In the entries that follow, the line with "A pair of branch" opens the range and the line with "또 국무총리실산하의 사행산업통합감독위원회(www.ngcc.go.kr)에서" closes it; repeat that range exactly, both lines included.

Information:
★ ★ ★ ★

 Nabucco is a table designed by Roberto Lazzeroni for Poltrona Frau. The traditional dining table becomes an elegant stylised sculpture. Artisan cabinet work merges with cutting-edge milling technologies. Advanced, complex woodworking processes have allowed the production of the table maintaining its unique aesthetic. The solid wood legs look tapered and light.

★ ★ ★ ★

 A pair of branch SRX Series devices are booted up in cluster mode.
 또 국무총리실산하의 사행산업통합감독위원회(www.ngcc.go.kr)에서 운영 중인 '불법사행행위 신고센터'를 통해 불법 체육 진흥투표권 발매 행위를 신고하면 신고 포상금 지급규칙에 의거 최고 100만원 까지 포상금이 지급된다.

★ ★ ★ ★

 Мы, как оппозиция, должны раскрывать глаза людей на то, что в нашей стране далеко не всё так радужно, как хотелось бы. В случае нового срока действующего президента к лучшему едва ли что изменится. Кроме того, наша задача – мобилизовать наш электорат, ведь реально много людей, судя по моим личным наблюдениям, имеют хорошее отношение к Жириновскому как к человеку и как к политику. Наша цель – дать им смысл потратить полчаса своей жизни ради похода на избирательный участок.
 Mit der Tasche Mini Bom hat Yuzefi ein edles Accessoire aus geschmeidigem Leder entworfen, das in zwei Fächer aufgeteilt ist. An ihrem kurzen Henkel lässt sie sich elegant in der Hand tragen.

★ ★ ★ ★

Completed task:
 A pair of branch SRX Series devices are booted up in cluster mode.
 또 국무총리실산하의 사행산업통합감독위원회(www.ngcc.go.kr)에서 운영 중인 '불법사행행위 신고센터'를 통해 불법 체육 진흥투표권 발매 행위를 신고하면 신고 포상금 지급규칙에 의거 최고 100만원 까지 포상금이 지급된다.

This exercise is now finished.